[Opening SOURCE DATA section]

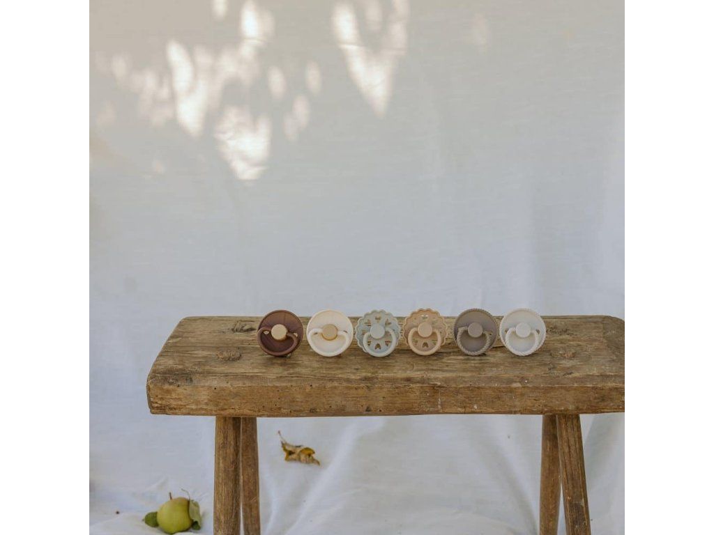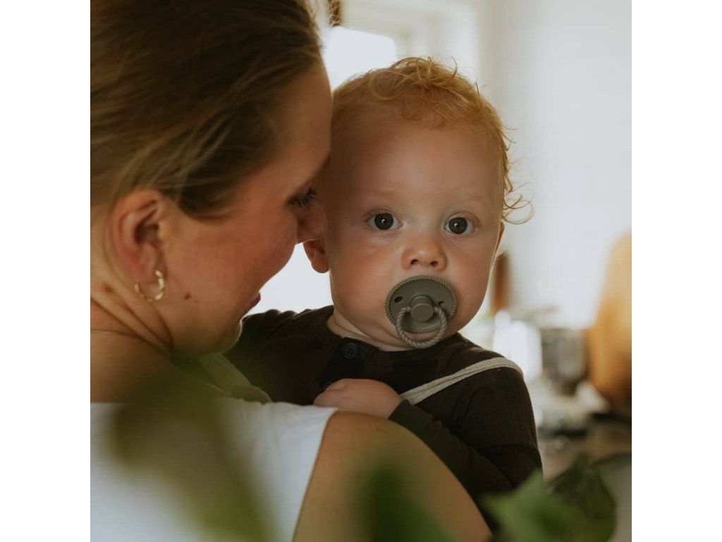 FRIGG Rope vás prinúti myslieť na dobrodružstvá zahŕňajúce silu. Lano je nevyhnutnou súčasťou pri turistike alebo lezení. Predstavuje bezpečnosť a stabilitu, keď sa aktivity stanú riskantnými alebo nepredvídateľnými. Toto je základnou inšpiráciou dizajnu cumlíka FRIGG Rope. Inšpirácia povrazom je zreteľná v dizajne cumlíka, pretože tenké povrazy obopínajú štít a hrubšie povrazy sú použité ako rúčka. FRIGG Rope je pre chlapcov aj dievčatá, ktorí milujú veľké dobrodružstvo. Okrúhly cumlík tvarom aj materiálom pripomína materinský prsník. Vysvetlením je, že keď sa dieťa chystá dojčiť, jazyk sa zroluje okolo bradavky a vytvorí podtlak, ktorý spôsobí tok mlieka. Keď dieťa saje okrúhly cumlík, gúľa okolo neho jazyk rovnako. Okrúhly tvar odporúčajú detskí chiropraktici a pôrodnice v Dánsku. Detaily cumlíka FRIGG- 100% navrhnuté v Dánsku
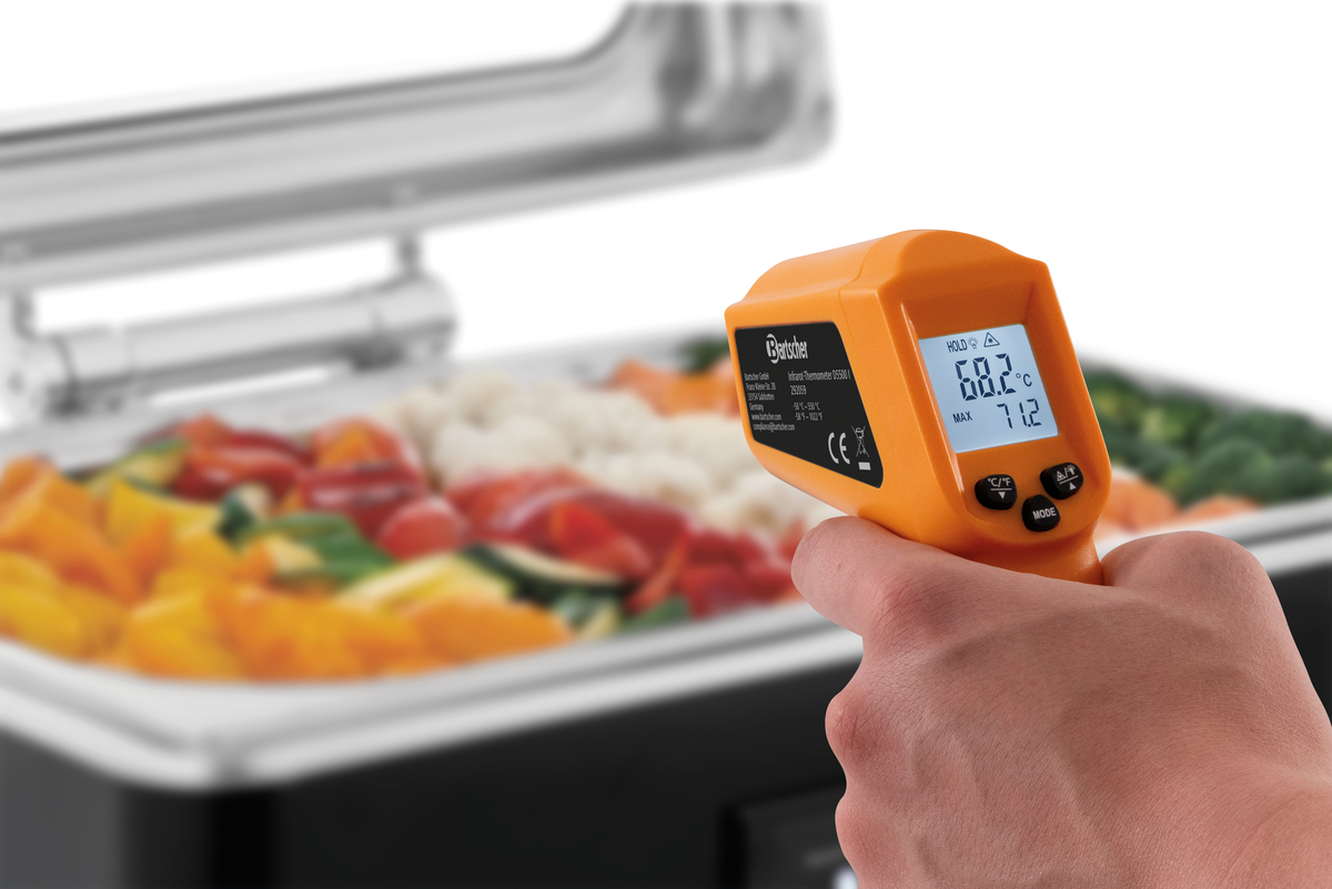 Le thermomètre infrarouge avec affichage numérique et pointeur laser intégré permet de contrôler facilement les températures de surface. Il est particulièrement adapté au contrôle de la chaîne du froid pour les produits frais et surgelés ainsi que pour une utilisation au buffet ou dans la distribution des repas.
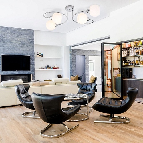 • Важный фактор для потолочных ламп и люстр – направление рассеивания света. Есть различные варианты и направления. В сторону, вверх или вниз, на пол. Если вы выбрали направление «вверх», следует рассмотреть более мощную лампу, так как освещение будет происходить при помощи отраженного от потолка света.
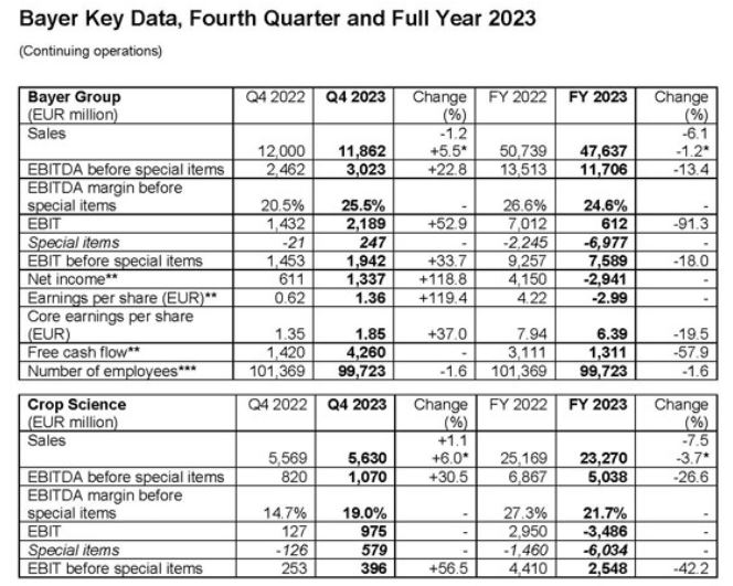 La alemana Bayer presentó este martes sus estados contables anuales, en los que reportó una caída en ventas del -6,1% a €47.637 millones. Ajustado por tipos de cambio y portfolio, el descenso fue del –1,2%. La compañía dijo que postergará los planes de dividir al grupo para centrarse en mejorar el desempeño operativo, resolver litigios y pagar deudas.
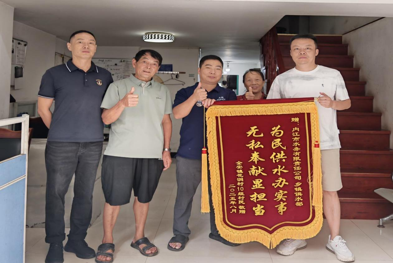 8月25日,花洞村五組村民代表將一面印有“為民供水辦實(shí)事 無(wú)私奉獻(xiàn)顯擔(dān)當(dāng)”的錦旗贈(zèng)予鄉(xiāng)鎮(zhèn)供水部,以此表達(dá)對(duì)部門(mén)高效、貼心服務(wù)的由衷感激。
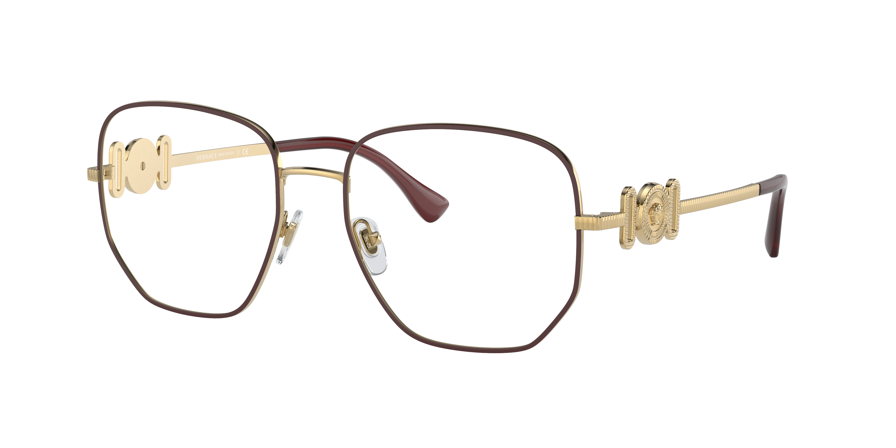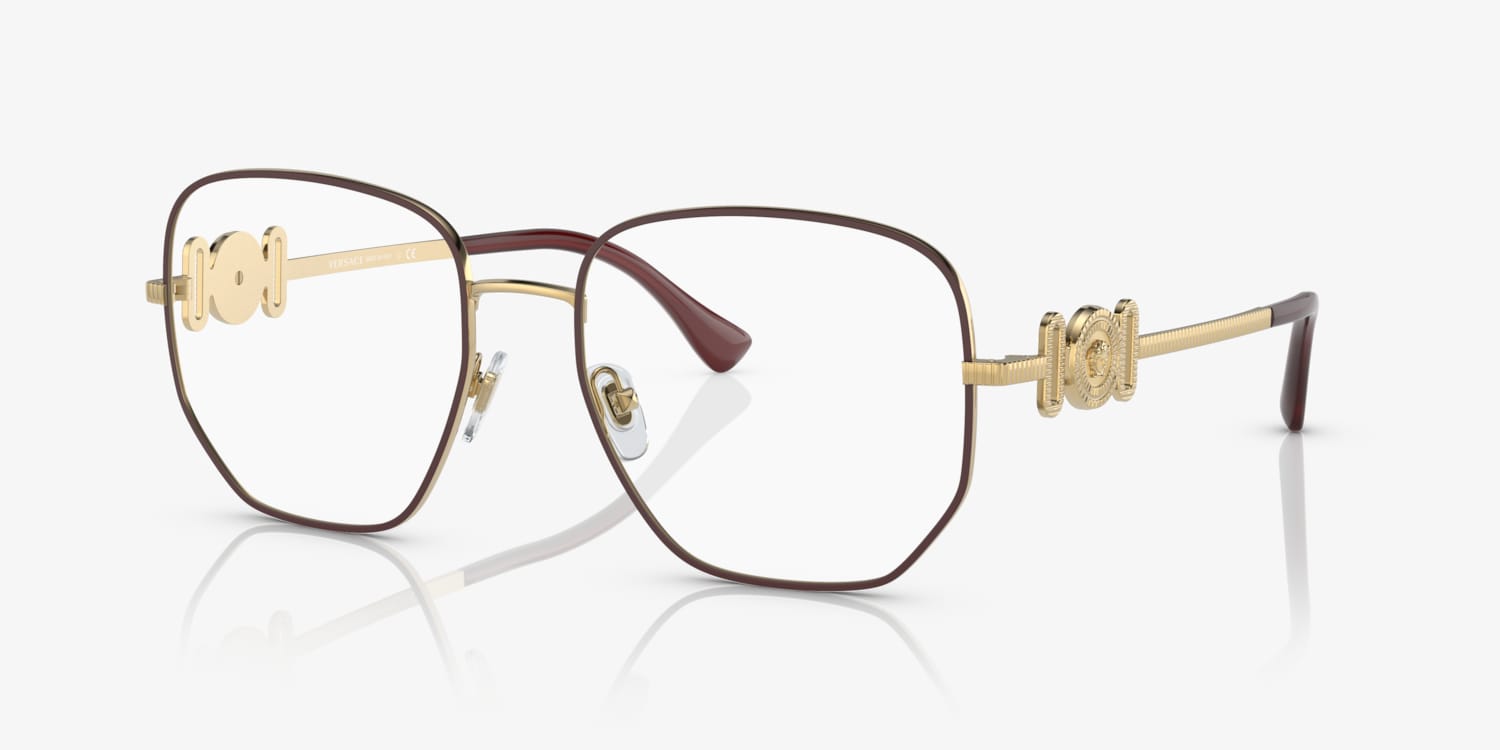Embrace the unexpected with the Versace VE1283 eyeglasses. The irregular shape and matte bordeaux/gold metal frame color give these glasses a unique and modern look. Crafted from durable materials, these frames are designed to last. Whether you're looking for fashion or functionality, these eyeglasses will have you covered.
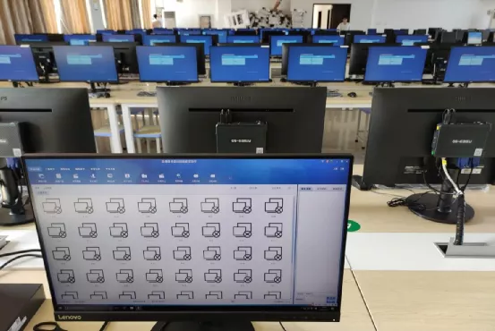 学校计算机公共机房分别部署120点VDI版桌面云和63点VOI分布式桌面云。支持对不同批次不同配置的异构终端系统进行统一管理,且兼容高拍仪在教学、办公中的使用。
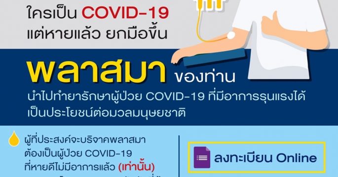 ศูนย์บริการโลหิตแห่งชาติ เปิดลงทะเบียนออนไลน์ให้ผู้ป่วยโรคโควิด-19 ที่หายแล้วกลับมาเป็น Hero บริจาคพลาสมานำไปรักษาผู้ป่วยโควิด-19 ที่มีอาการปอดอักเสบรุนแรง
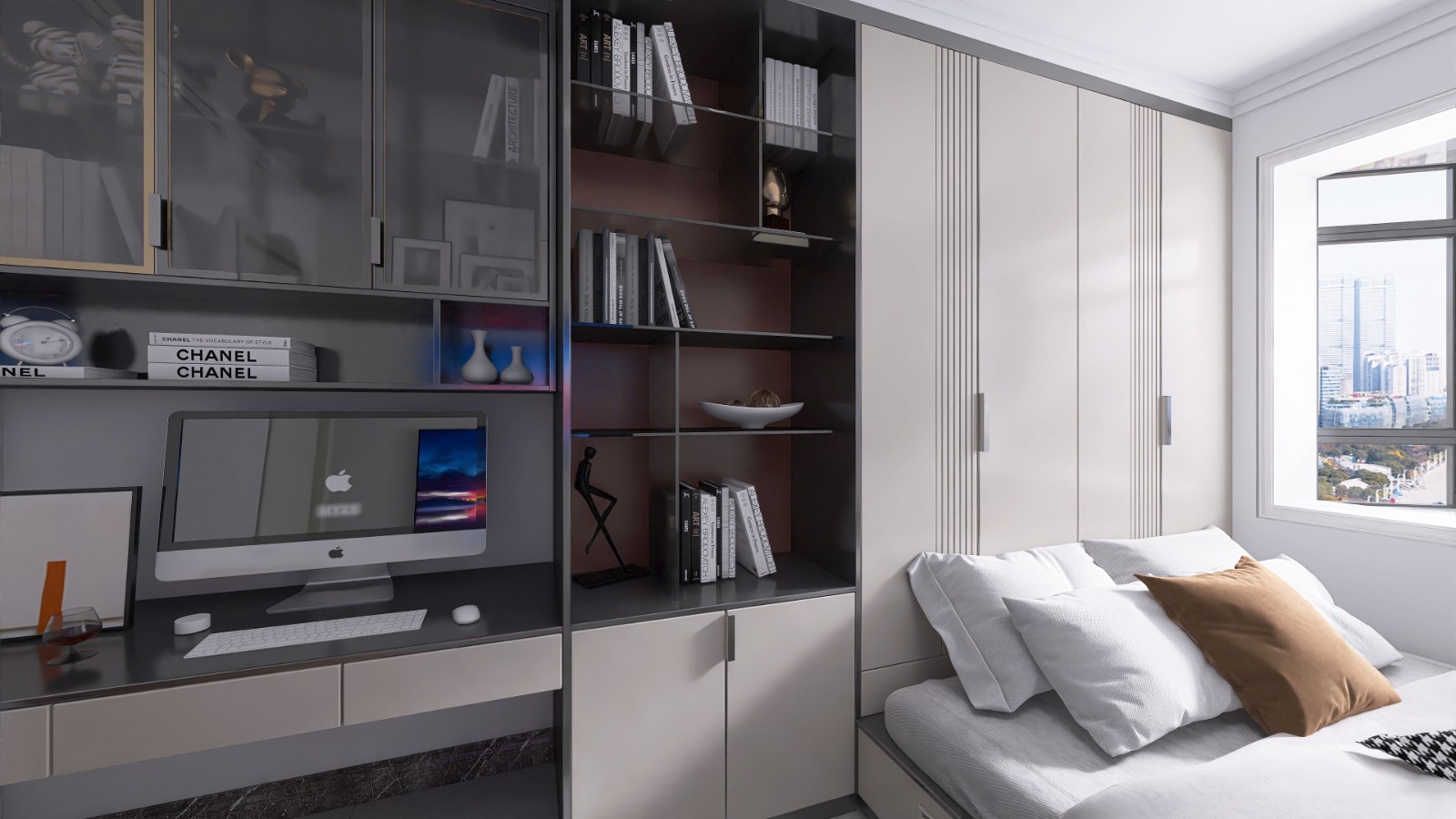 整体榻榻米定制设计使小卧室整体既有居住空间还有学习区域;

[Closing SOURCE DATA section]

→ **THE TASK**: Verbatim copy, pictures excluded: output the lines from the first line of the records above through the line containing "8月25日,花洞村五組村民代".

→ **EXERCISE ANSWER**:
 FRIGG Rope vás prinúti myslieť na dobrodružstvá zahŕňajúce silu. Lano je nevyhnutnou súčasťou pri turistike alebo lezení. Predstavuje bezpečnosť a stabilitu, keď sa aktivity stanú riskantnými alebo nepredvídateľnými. Toto je základnou inšpiráciou dizajnu cumlíka FRIGG Rope. Inšpirácia povrazom je zreteľná v dizajne cumlíka, pretože tenké povrazy obopínajú štít a hrubšie povrazy sú použité ako rúčka. FRIGG Rope je pre chlapcov aj dievčatá, ktorí milujú veľké dobrodružstvo. Okrúhly cumlík tvarom aj materiálom pripomína materinský prsník. Vysvetlením je, že keď sa dieťa chystá dojčiť, jazyk sa zroluje okolo bradavky a vytvorí podtlak, ktorý spôsobí tok mlieka. Keď dieťa saje okrúhly cumlík, gúľa okolo neho jazyk rovnako. Okrúhly tvar odporúčajú detskí chiropraktici a pôrodnice v Dánsku. Detaily cumlíka FRIGG- 100% navrhnuté v Dánsku
 Le thermomètre infrarouge avec affichage numérique et pointeur laser intégré permet de contrôler facilement les températures de surface. Il est particulièrement adapté au contrôle de la chaîne du froid pour les produits frais et surgelés ainsi que pour une utilisation au buffet ou dans la distribution des repas.
 • Важный фактор для потолочных ламп и люстр – направление рассеивания света. Есть различные варианты и направления. В сторону, вверх или вниз, на пол. Если вы выбрали направление «вверх», следует рассмотреть более мощную лампу, так как освещение будет происходить при помощи отраженного от потолка света.
 La alemana Bayer presentó este martes sus estados contables anuales, en los que reportó una caída en ventas del -6,1% a €47.637 millones. Ajustado por tipos de cambio y portfolio, el descenso fue del –1,2%. La compañía dijo que postergará los planes de dividir al grupo para centrarse en mejorar el desempeño operativo, resolver litigios y pagar deudas.
 8月25日,花洞村五組村民代表將一面印有“為民供水辦實(shí)事 無(wú)私奉獻(xiàn)顯擔(dān)當(dāng)”的錦旗贈(zèng)予鄉(xiāng)鎮(zhèn)供水部,以此表達(dá)對(duì)部門(mén)高效、貼心服務(wù)的由衷感激。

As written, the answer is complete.